[About this exercise]: Look at the data below and print exactly the lines from its first line through the line with "posee en Twitter."; the pictures stay out of the copy.

[Collected material]:

┌────────

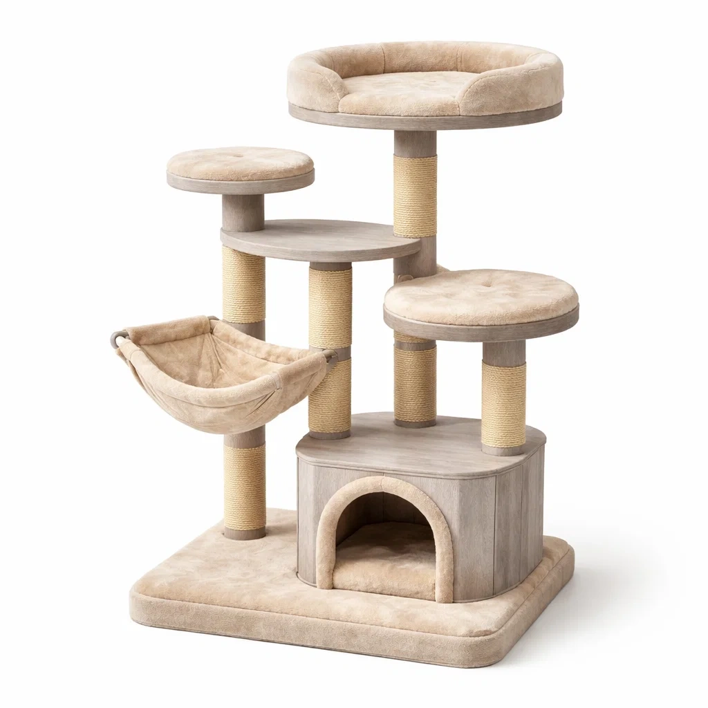 Inclus : Arbre à chat avec plusieurs plateformes, hamac et niche
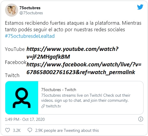 "Estamos recibiendo fuertes ataques a la plataforma. Mientras tanto podés seguir el acto por nuestras redes sociales #75octubresdeLealtad", informaron los organizadores desde la cuenta oficial que el sitio posee en Twitter.
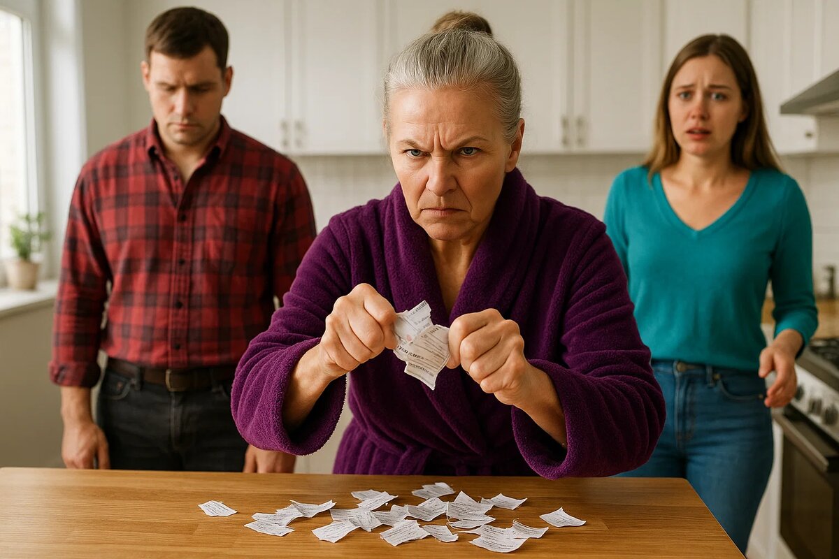 Светлана смотрела на обрывки бумаги, и внутри что-то щёлкнуло. Не сломалось — переключилось, как рубильник. Она молча сняла фартук, повесила на крючок и вышла из кухни. Егор стоял, глядя в пол. Свекровь собирала клочки со стола в аккуратную кучку, будто навела порядок.
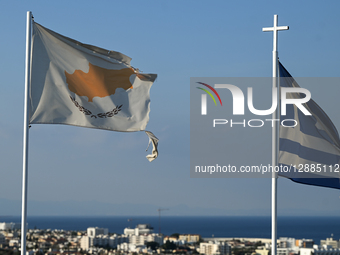 DERYNEIA, CYPRUS – OCTOBER 17: A view of the Cyprus and Greek flags in Deryneia, Cyprus, on October 17, 2025.

└────────

[Exercise solution]:
 Inclus : Arbre à chat avec plusieurs plateformes, hamac et niche
 "Estamos recibiendo fuertes ataques a la plataforma. Mientras tanto podés seguir el acto por nuestras redes sociales #75octubresdeLealtad", informaron los organizadores desde la cuenta oficial que el sitio posee en Twitter.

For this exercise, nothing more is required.